Lots of people included the string of letters "SXSW" in their Twitter updates during the five days of SXSW Interactive this year—and last year as well. We thought it would be fun to visualize and annotate some of the surges so Jason put together this graph.
Something we were watching very closely this year during the conference was service reliability. The thin brown line across the top of this graph represents the 99.97% uptime Twitter measured during the week.
Twitter's traffic comes from SMS, Instant Message, Mobile Web, and all those wonderful API projects out there. However, we also have good old-fashioned web traffic. 60% of our web traffic comes from outside the United States and this chart shows the top ten non-US sources.
Update: Remember this is just web traffic. It doesn't include any of the other popular ways that people use Twitter. For example, Australia ranks 6th if we look at SMS usage.
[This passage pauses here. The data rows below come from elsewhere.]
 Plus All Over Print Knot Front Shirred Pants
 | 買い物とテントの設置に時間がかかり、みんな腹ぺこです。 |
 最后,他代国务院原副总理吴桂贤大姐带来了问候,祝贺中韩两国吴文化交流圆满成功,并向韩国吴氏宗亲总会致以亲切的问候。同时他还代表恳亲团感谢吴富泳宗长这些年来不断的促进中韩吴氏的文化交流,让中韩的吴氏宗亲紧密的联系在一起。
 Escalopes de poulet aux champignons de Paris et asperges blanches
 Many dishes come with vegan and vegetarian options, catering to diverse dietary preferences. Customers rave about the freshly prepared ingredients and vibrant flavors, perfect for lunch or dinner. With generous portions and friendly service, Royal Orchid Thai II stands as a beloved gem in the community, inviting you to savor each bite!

We'd get altogether different numbers if we looked at instant messaging, m.twitter.com, and API devices such as Twitterrific.
This graph shows the number of mentions each candidate received in Twitter updates during a 4 hour period on the evening of Super Tuesday. Each candidates' share is expressed as a percentage of the total messages sent mentioning any candidate. For Gov. Romney and Sen. Clinton, an update was included if it mentioned either the first or last name of the candidate.
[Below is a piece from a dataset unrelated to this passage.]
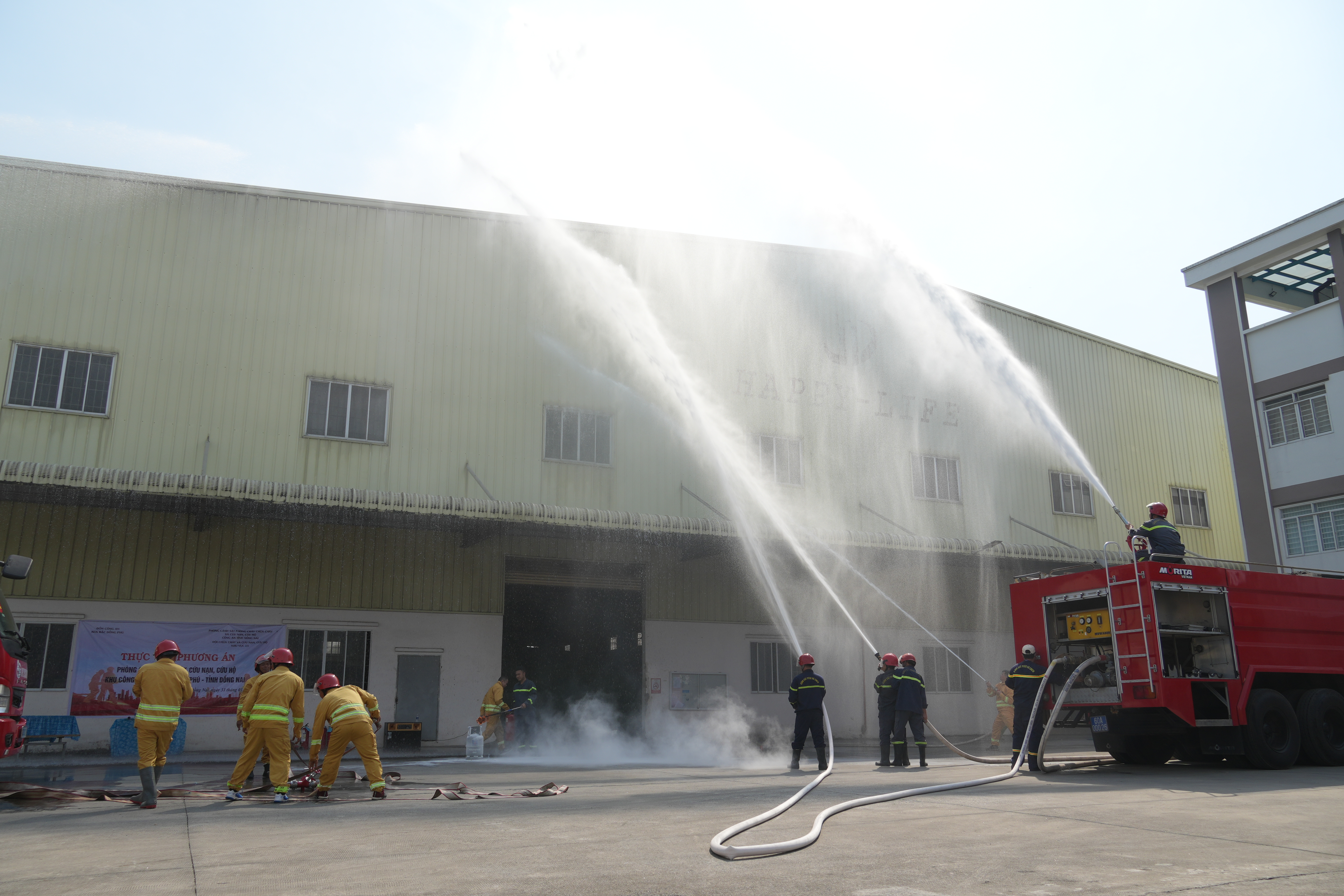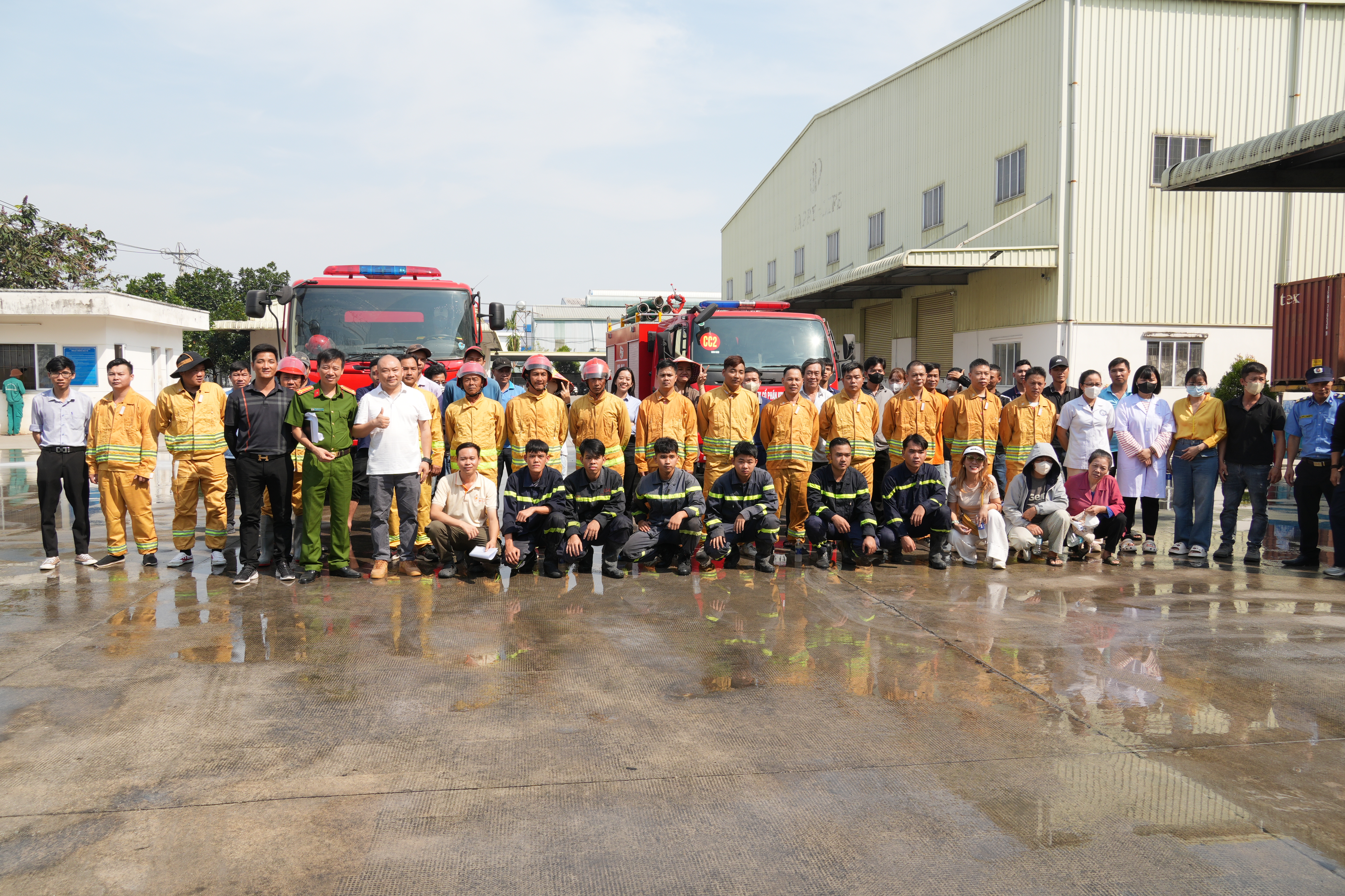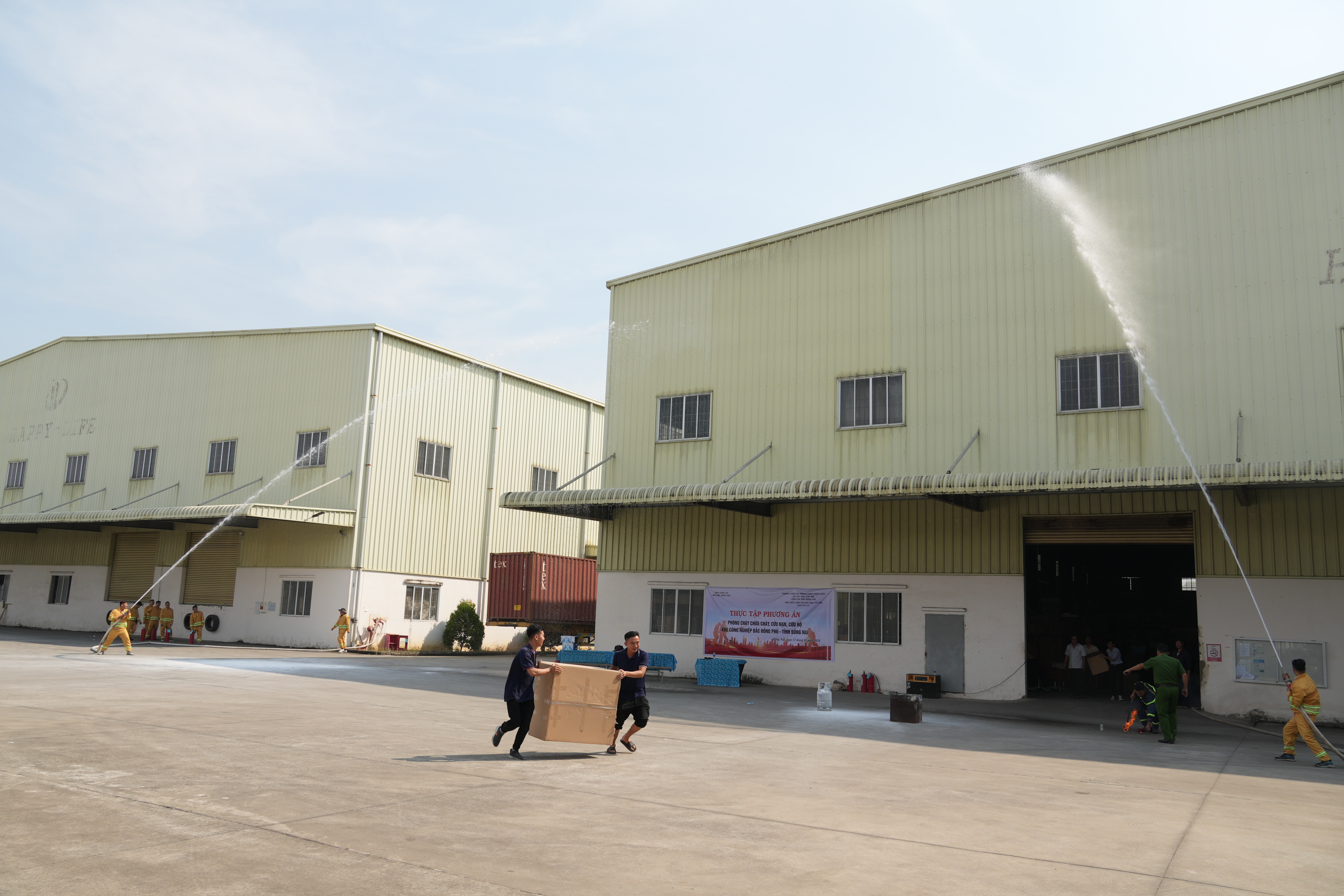 Theo tình huống giả định, do sự cố chập điện tại khu vực nhà xưởng đã xảy ra cháy, ngọn lửa nhanh chóng lan rộng, khói tỏa dày đặc, nhiều công nhân hoảng loạn tìm cách thoát ra ngoài, một số người bị mắc kẹt bên trong. Ngay khi phát hiện cháy, lực lượng PCCC Công ty đã sử dụng phương tiện chữa cháy tại chỗ tổ chức dập lửa ban đầu, đồng thời hướng dẫn công nhân thoát nạn.
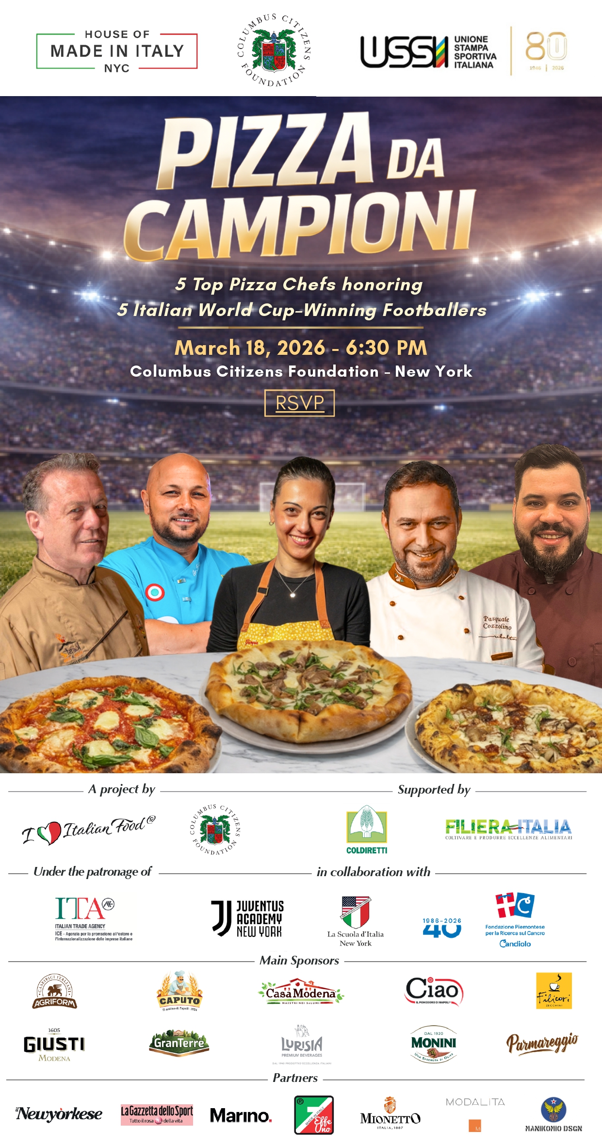 Durante Pizza da Campioni, cinque pizzaioli tra i più rinomati a New York realizzeranno altrettante pizze dedicate a cinque protagonisti delle vittorie dell’Italia ai Mondiali del 1982 in Spagna e del 2006 in Germania, due momenti che rappresentano ancora oggi i principali riferimenti della storia sportiva recente della Nazionale. Quelle due competizioni hanno contribuito a consolidare l’immaginario internazionale dell’Italia calcistica, anche grazie alle figure di Paolo Rossi, Fabio Cannavaro e Andrea Pirlo, diventate veri e propri simboli dell’italianità anche fuori dall’ambito sportivo.

Super Tuesday was another big day for Twitter. Here's a chart showing the percent of activity increase over normal daily activity. Like the Super Bowl graph, we've annotated the peaks with the corresponding events related to the primaries.
We're on a roll after looking up that Super Bowl information. This graph illustrates the distribution of relationships in Twitter—specifically the number of people folks follow as well as how many people are following them.
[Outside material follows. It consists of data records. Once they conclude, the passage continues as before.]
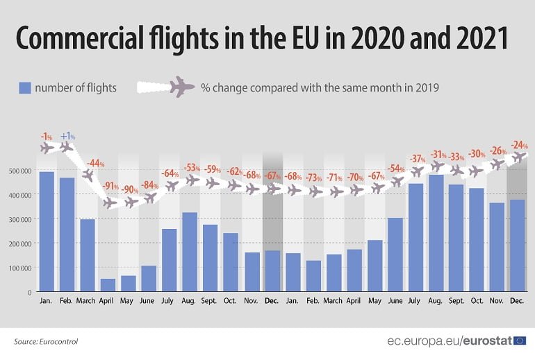 A indústria da aviação tem estado a recuperar gradualmente ao longo de 2021. Embora os primeiros meses do ano não indicassem sinais de recuperação: janeiro (-68% face a igual mês de 2019), fevereiro (-73%), março (-71%) e abril (-70%), a situação começou a alterar-se em maio (-67%), junho (-54%) e agosto (-31%). Setembro teve uma pequena queda (-33%) mas outubro (-30%), novembro (-26%) e dezembro (-24%) assistiu à maior aproximação de sempre relativamente aos números pré-pandémicos.
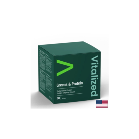 Greens & Protein Vitalized е специално разработена формула, която комбинира концентрирани екстракти от зелени суперхрани като ечемична трева, спанак, броколи, спирулина, пшенична трева, кейл и хлорела с висококачествени протеини и естествен витамин C от ацерола. Тази мощна комбинация подпомага енергията, мускулната функция и здравето на черния дроб.
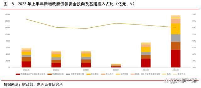 根据我国财政部数据,2021年新增政府债券资金投入基建项目总额 2.49 万亿元,占比 55.71%。2022年上半年新增政府债券资金投入基建项目总额为 24611.60 亿元,占比 61.41%。1-6 月资金投入基建占比分别为 66.39%、60.22%、59.44%、63.41%、61.82%、60.24%,投入占比均超过 50%。
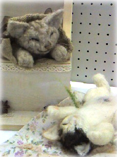 | ほのぼの羊毛 ・・・・というタイトルで 新しく出来たイオンモール草津内 JEUGIAカルチャーにて 羊毛教室を開講することになりました。 そのお陰で羊毛作品が増えました 上のカレンダーのねこちゃんに 一目ぼれしていたので 羊毛で下のねこちゃんを作ってみました♪ じゃれあう猫ちゃんを作ってみました |
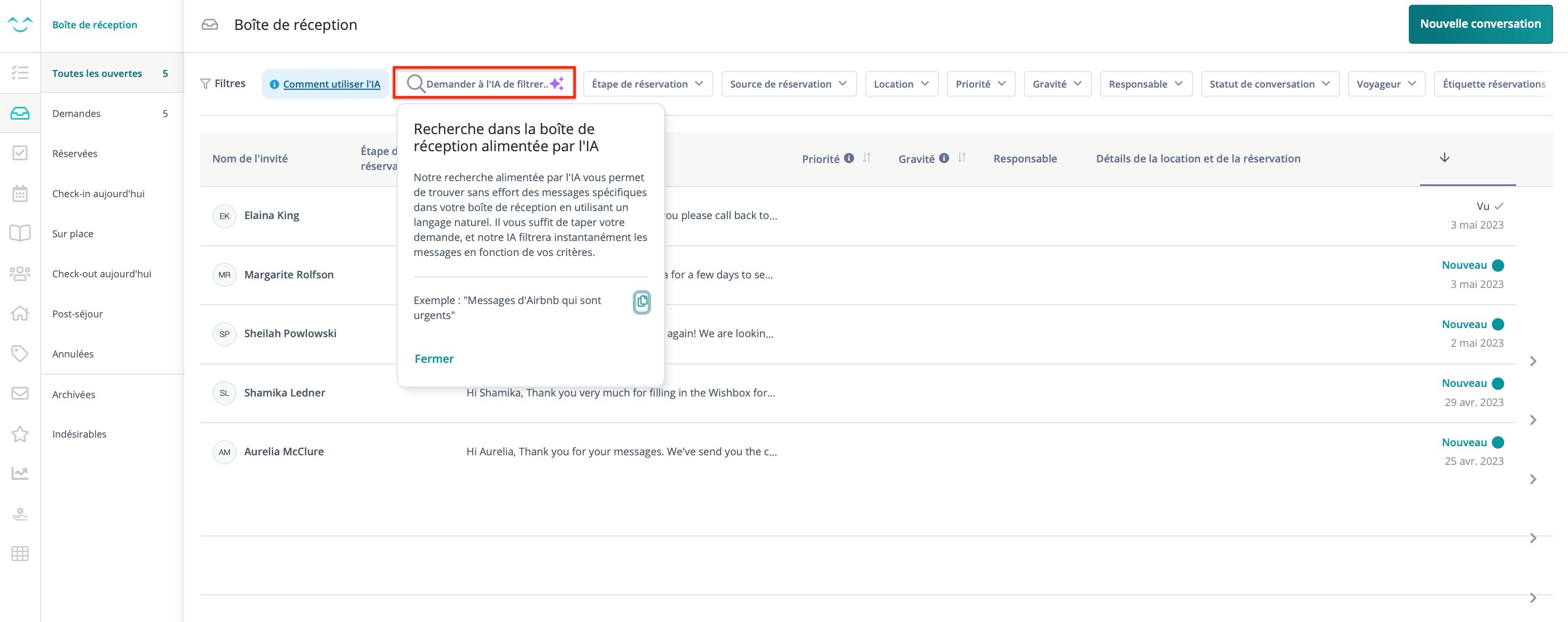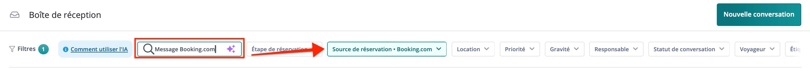 - L'IA Applique les Filtres : L'IA interprétera votre requête et appliquera automatiquement les filtres pertinents (par exemple, source de réservation, date de réception).

Click image to see bigger graph
So, if you have about 10 followers and you're following about 10 people then you're Twittering away with a solid 50% of others like you using Twitter. If have more than 80 followers and you're following more than 70 people then you are in the Twitter minority—about 10%.
As expected, Super Bowl Sunday was an active day on Twitter. We thought we'd share some info about the day. This graph shows the percentage of updates per minute during the big game normalized to the average number of updates per minute during the rest of the day.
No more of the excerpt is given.